Start of DATASET RECORDS

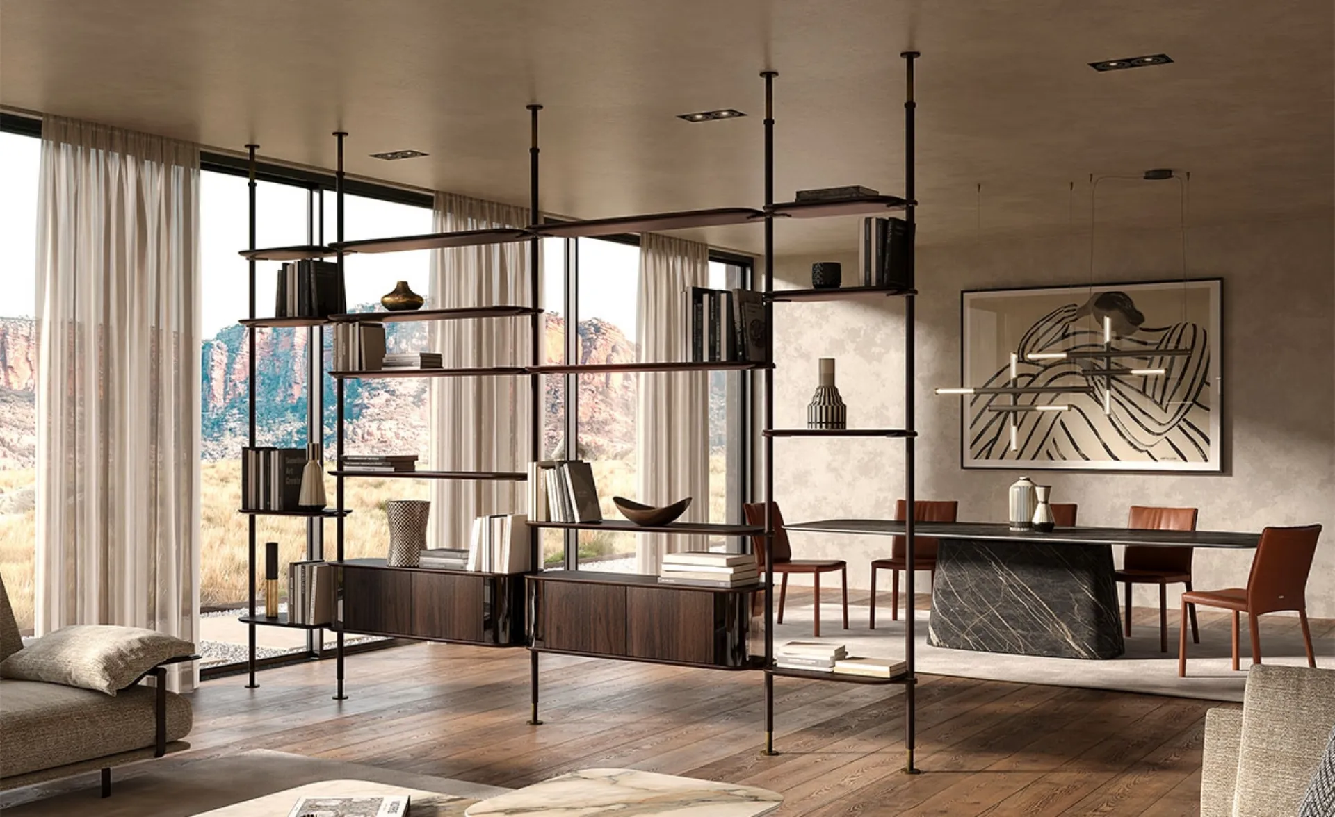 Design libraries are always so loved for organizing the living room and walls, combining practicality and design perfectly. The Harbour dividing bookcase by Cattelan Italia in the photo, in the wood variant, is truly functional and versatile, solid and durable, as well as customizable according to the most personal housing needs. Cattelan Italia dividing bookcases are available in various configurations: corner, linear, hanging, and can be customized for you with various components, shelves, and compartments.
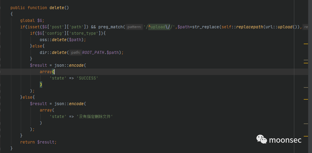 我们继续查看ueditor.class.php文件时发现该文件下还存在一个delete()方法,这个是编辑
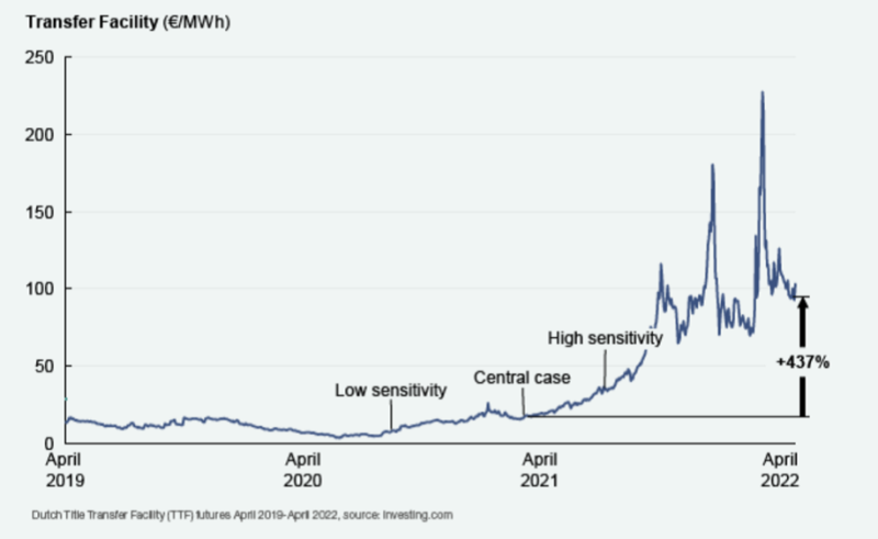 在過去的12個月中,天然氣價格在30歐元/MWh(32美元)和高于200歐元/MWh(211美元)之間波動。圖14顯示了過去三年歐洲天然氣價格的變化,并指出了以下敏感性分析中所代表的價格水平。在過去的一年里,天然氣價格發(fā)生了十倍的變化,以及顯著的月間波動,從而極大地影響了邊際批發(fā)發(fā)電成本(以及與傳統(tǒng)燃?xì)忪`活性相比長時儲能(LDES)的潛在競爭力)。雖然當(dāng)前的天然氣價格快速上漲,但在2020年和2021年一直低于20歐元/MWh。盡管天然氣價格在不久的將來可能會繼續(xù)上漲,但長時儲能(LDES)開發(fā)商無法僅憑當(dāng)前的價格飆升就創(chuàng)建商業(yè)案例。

End of DATASET RECORDS
Start of DATASET RECORDS

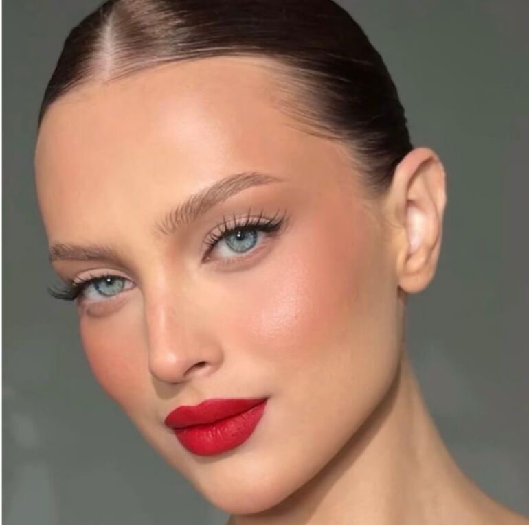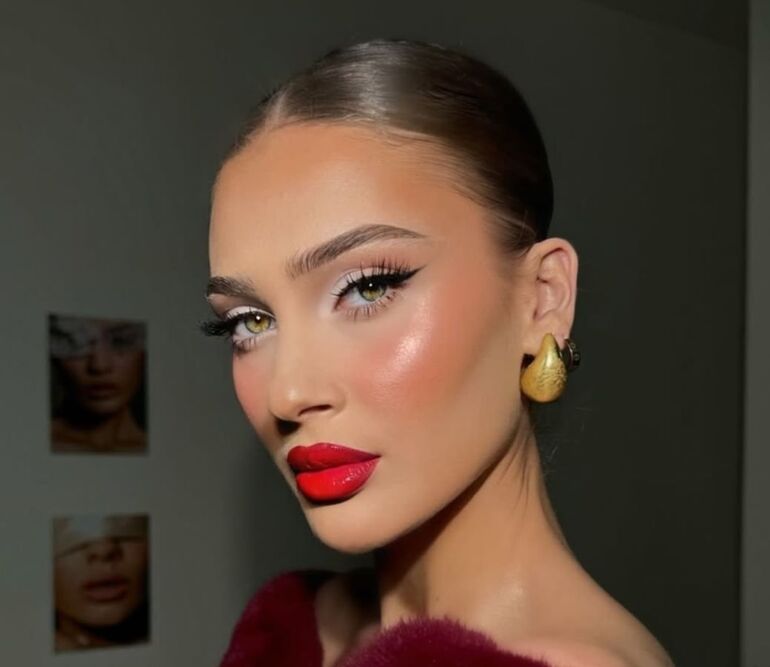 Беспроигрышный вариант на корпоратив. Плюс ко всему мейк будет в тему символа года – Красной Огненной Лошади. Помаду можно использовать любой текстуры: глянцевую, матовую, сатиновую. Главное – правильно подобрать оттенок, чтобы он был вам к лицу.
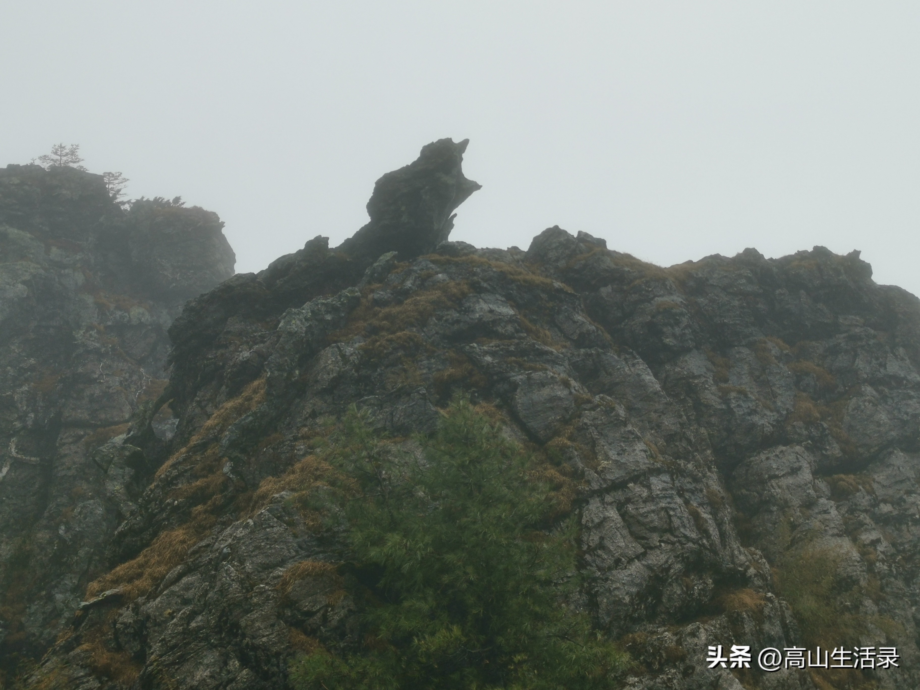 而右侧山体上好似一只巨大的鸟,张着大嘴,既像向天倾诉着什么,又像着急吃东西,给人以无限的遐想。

End of DATASET RECORDS
Start of DATASET RECORDS

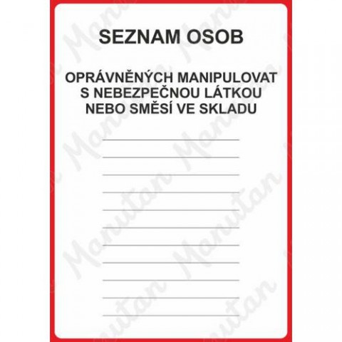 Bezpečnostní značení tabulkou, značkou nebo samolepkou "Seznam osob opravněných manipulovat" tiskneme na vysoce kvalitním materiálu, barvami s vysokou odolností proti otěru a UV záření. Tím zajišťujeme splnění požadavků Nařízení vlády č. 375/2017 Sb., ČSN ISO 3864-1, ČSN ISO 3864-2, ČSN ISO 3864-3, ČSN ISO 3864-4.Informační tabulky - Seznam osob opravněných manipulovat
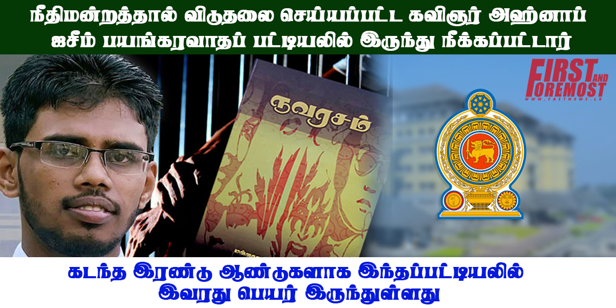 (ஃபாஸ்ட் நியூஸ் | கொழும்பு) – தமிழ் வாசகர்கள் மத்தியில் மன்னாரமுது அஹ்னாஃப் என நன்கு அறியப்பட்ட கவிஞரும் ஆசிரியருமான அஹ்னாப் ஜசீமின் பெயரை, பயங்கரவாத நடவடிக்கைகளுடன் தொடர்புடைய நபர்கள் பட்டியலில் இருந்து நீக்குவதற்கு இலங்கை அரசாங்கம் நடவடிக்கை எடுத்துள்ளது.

End of DATASET RECORDS

### WHAT IS EXPECTED
Copy only these lines from the records above, exactly: the one with "Design libraries are", the one with "在過去的12個月中,天然氣價", and those between. Skip the pictures.

### PROBLEM SOLUTION
 Design libraries are always so loved for organizing the living room and walls, combining practicality and design perfectly. The Harbour dividing bookcase by Cattelan Italia in the photo, in the wood variant, is truly functional and versatile, solid and durable, as well as customizable according to the most personal housing needs. Cattelan Italia dividing bookcases are available in various configurations: corner, linear, hanging, and can be customized for you with various components, shelves, and compartments.
 我们继续查看ueditor.class.php文件时发现该文件下还存在一个delete()方法,这个是编辑
 在過去的12個月中,天然氣價格在30歐元/MWh(32美元)和高于200歐元/MWh(211美元)之間波動。圖14顯示了過去三年歐洲天然氣價格的變化,并指出了以下敏感性分析中所代表的價格水平。在過去的一年里,天然氣價格發(fā)生了十倍的變化,以及顯著的月間波動,從而極大地影響了邊際批發(fā)發(fā)電成本(以及與傳統(tǒng)燃?xì)忪`活性相比長時儲能(LDES)的潛在競爭力)。雖然當(dāng)前的天然氣價格快速上漲,但在2020年和2021年一直低于20歐元/MWh。盡管天然氣價格在不久的將來可能會繼續(xù)上漲,但長時儲能(LDES)開發(fā)商無法僅憑當(dāng)前的價格飆升就創(chuàng)建商業(yè)案例。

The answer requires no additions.